5. Flow control/congestion control
Flow control prevents the sender from sending too fast and exhausting the receiver's resources, so that the receiver has no time to process.
Congestion control prevents the sender from sending messages too fast, causing the network to have no time to process and causing congestion, which in turn causes the performance of this part and even the entire network to decline. In severe cases, it may even cause network communication services to come to a standstill.
6. The thundering herd effect
The thundering herd effect is also called the thundering group effect, but what is it called? In short, the thundering herd phenomenon is when multiple processes (multiple threads) block and wait for the same process at the same time. During an event (sleep state), if the event you are waiting for occurs, it will wake up all the waiting processes (or threads), but in the end only one process (thread) may obtain "control" of this time. When processing this event, other processes (threads) fail to obtain "control" and can only re-enter the sleep state. This phenomenon and waste of performance are called panic groups.
7. NAT
NAT (Network Address Translation) is to replace the address information in the IP packet header. NAT is usually deployed at the network egress of an organization to provide public network reachability and upper-layer protocol connectivity by replacing the internal network IP address with the egress IP address.
Fault exception
1. Downtime
Downtime generally refers to the computer host crashing due to unexpected failure. Secondly, some servers, such as database deadlocks, can also be called downtime. Some services on some servers hang up, so to speak.
2. coredump
When a program error occurs and is interrupted abnormally, the OS will store the current status of the program's work into a coredunmp file. Usually coredump files contain memory, register status, stack pointer, memory management information, etc. when the program is running.

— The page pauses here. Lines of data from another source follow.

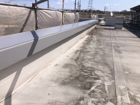 屋上の笠木です。突起物を取り除き、表面のザラつきを除去して施工面をきれいに清掃します。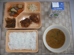 ☆「鶏肉の竜田揚げ」は、鶏肉にしょうが、みりん、酒、こい口しょうゆで下味をつけ、でんぷんをまぶし、油で揚げたものです。これに「ちくわとこんにゃくの煮もの」、「だいこんときゅうりの即席づけ」、「きんぴらごぼう」、「みそ汁」を組み合わせ和風献立にしています。「みそ汁」はたまねぎとわかめのみそ汁です。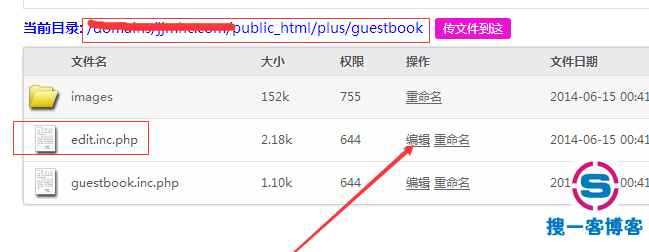 进入到这个目录之后找到我们的程序的路径:目录include/taglib/flink.lib.php文件,点击编辑,如图所示:
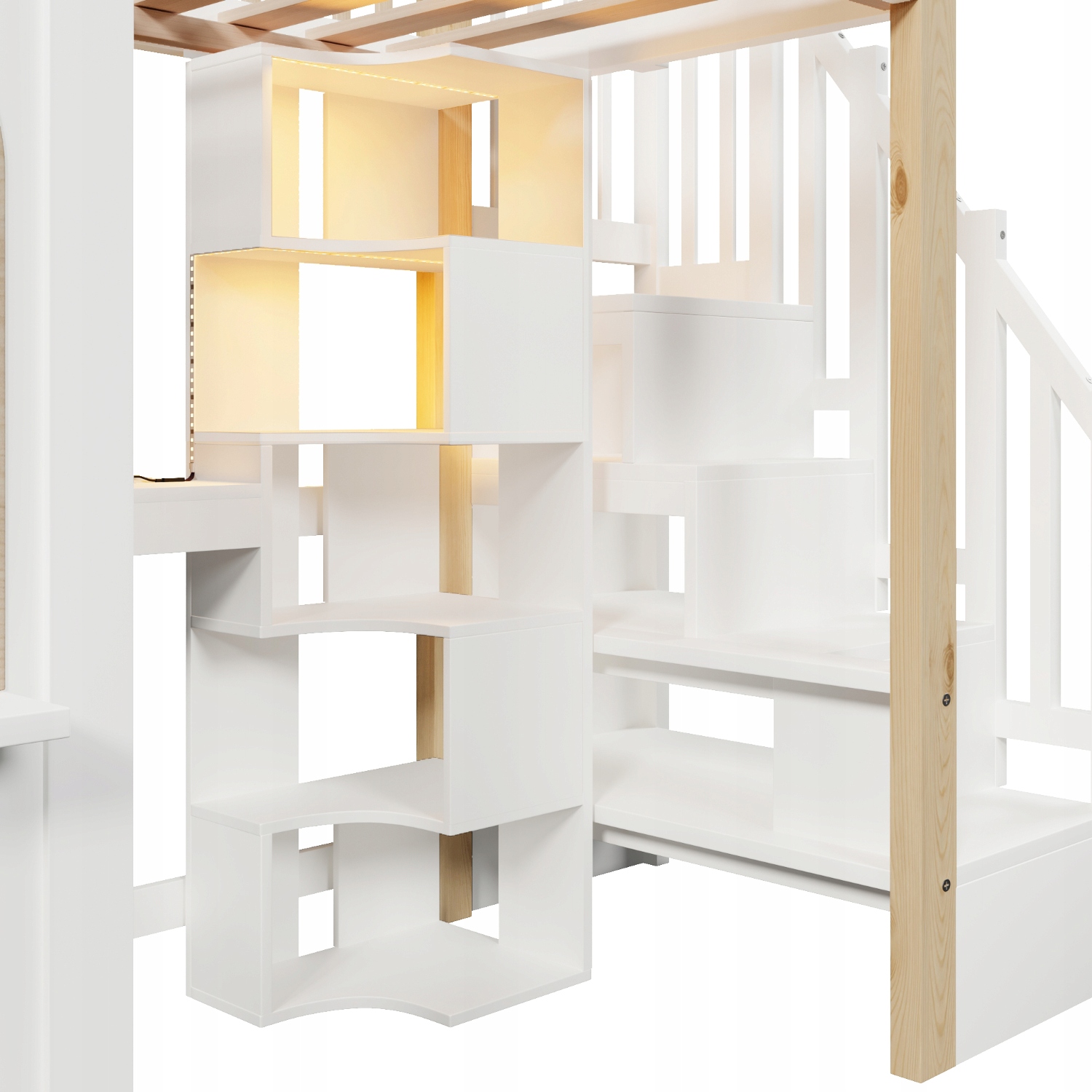 Ліжко двоярусне 90х200 см (білий + натуральний) зі світлодіодним підсвічуванням і віконною формою. У комплекті: драбина з місцем для зберігання, відкритий простір для зберігання, письмовий стіл, розетка. Матрац не входить.

3. Cache Penetration/Breakdown/Avalanche
Cache Penetration: Cache penetration refers to querying a data that must not exist. Since the cache is not hit, it needs to be retrieved from When querying the database, if the data cannot be found, it will not be written to the cache. This will cause the non-existent data to be queried in the database every time it is requested, which will put pressure on the database.
Cache breakdown: Cache breakdown refers to when a hotspot key expires at a certain point in time, and there are a large number of concurrent requests for this key at this point in time, resulting in a large number of The request hits the db.

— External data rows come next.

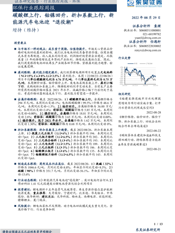 【东吴证券】【20220829】环保行业跟踪周报:碳酸锂上行,钴镍回升,折扣系数上行,新能源汽车电池迎“退役潮”-13页 行业研究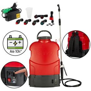 Modelo: BPC 20 BL Tipo de pulverizador: Costal Acionamento: Bateria Autonomia da bateria: 6 a 10 horas* Tempo de recarga: 8 horas Bateria removível: Sim Volume máximo do reservatório: 20L Volume recomendado do reservatório: 19,5L Material do reservatório: Polietileno Regulador de pressão/vazão: Sim - potênciometro Monitoramento consumo bateria: Sim Pressão de trabalho: 4,5 bar Vazão Máxima: 2,8 L/min** Diâmetro do bocal superior: 127,0 mm Comprimento da lança: 55 Mín - 100 Máx (cm) Tamanho ajustável Comprimento da mangueira: 120 cm Gatilho: Metálico com trava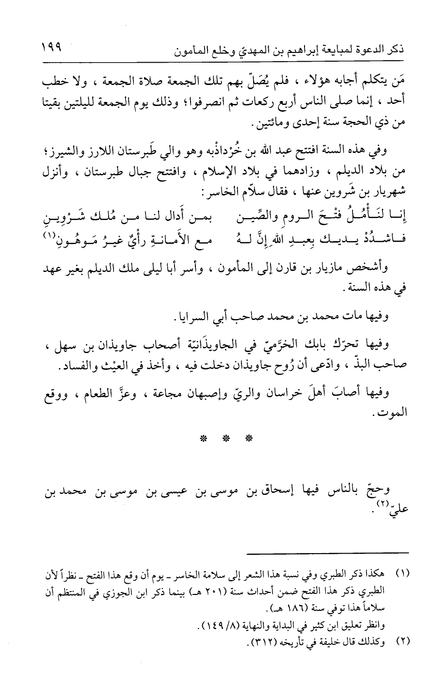 (١) هكذا ذكر الطبري وفي نسبة هذا الشعر إلى سلامة الخاسر - يوم أن وقع هذا الفتح - نظرًا لأن الطبري ذكر هذا الفتح ضمن أحداث سنة (٢٠١ هـ) بينما ذكر ابن الجوزي في المنتظم أن سلامًا هذا توفي سنة (١٨٦ هـ).

Cache avalanche: Cache avalanche refers to the expiration time of a large batch of data in the cache, and the huge amount of query data causes excessive pressure on the database or even downtime.
The difference from cache breakdown is that cache breakdown is the failure of hotspot keys, and cache avalanche is the failure of a large number of keys at the same time.
4. 500/501/502/503/504/505
500 Internal Server Error: Internal service error. Generally, the server encounters an unexpected situation and cannot complete the request. Possible reasons:
1. Program error, such as ASP or PHP syntax error;
2. System resource limit cannot be achieved due to high concurrency. Caused by opening too many files.
501 Not implemented: The server does not understand or support the requested HTTP request.
502 Bad Gateway: The WEB server is faulty. It may be due to insufficient program processes. The requested php-fpm has been executed, but has not been completed for some reason, eventually causing the php-fpm process to terminate. Possible reasons:
1. Nginx server, the number of php-cgi processes is not enough;
#2. PHP execution time is too long;
3. The php-cgi process died;
503 Service Unavailable: The server is currently unavailable. The system maintenance server is temporarily unable to process the client's request. This is only a temporary state. You can contact the server provider.
504 Gateway Timeout: The server 504 error indicates a timeout, which means that the request sent by the client does not reach the gateway, and the request does not reach php-fpm that can be executed. This is generally related to the configuration of nginx.conf.
505 HTTP Version Not Supported: The server does not support the HTTP protocol version used in the request. (HTTP version is not supported)
Except for the 500 error, which may be a programming language error, the rest of the errors can probably be understood as problems with the server or server configuration.
5. Memory overflow/memory leak
Memory overflow: Memory overflow (Out Of Memory) means that when the program applies for memory, there is not enough memory for the applicant to use. In other words, if you are given a storage space to store int type data, but you store long type data, then the result is that the memory is not enough, and an OOM error will be reported, which is the so-called memory overflow.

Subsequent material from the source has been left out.